## Assignment
If a line in the records below contains the word "with", copy it out.

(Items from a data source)

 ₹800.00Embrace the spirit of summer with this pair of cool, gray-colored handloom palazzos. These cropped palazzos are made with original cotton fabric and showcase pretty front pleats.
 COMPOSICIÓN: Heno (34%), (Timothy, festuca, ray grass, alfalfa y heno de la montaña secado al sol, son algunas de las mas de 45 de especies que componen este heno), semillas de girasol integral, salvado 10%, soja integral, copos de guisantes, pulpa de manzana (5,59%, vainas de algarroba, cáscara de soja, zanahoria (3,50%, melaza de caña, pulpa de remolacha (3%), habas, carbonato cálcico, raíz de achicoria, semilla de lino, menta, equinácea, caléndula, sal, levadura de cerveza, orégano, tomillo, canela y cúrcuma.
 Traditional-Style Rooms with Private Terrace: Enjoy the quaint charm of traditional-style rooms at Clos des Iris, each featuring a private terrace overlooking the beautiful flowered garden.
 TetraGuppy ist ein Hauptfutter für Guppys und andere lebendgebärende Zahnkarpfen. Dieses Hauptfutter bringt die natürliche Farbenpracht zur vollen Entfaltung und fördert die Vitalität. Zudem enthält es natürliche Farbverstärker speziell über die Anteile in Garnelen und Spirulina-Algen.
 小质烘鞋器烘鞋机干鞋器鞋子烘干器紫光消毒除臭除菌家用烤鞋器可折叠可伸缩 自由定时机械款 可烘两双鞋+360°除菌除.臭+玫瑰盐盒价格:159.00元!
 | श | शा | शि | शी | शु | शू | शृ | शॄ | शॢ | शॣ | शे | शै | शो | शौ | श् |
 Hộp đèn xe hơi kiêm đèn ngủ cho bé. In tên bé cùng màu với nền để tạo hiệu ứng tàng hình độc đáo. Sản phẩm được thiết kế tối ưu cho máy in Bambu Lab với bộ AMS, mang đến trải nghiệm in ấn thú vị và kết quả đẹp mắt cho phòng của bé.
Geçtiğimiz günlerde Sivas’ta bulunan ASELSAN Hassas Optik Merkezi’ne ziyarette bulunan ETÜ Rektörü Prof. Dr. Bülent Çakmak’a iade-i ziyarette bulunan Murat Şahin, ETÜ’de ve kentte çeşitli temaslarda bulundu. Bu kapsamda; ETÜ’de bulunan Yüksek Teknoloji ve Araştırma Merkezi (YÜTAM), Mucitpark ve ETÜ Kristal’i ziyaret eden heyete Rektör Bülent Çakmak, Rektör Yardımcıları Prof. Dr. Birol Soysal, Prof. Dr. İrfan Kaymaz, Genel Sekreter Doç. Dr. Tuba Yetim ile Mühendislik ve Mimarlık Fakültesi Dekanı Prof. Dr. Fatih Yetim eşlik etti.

## Exercise solution
 ₹800.00Embrace the spirit of summer with this pair of cool, gray-colored handloom palazzos. These cropped palazzos are made with original cotton fabric and showcase pretty front pleats.
 Traditional-Style Rooms with Private Terrace: Enjoy the quaint charm of traditional-style rooms at Clos des Iris, each featuring a private terrace overlooking the beautiful flowered garden.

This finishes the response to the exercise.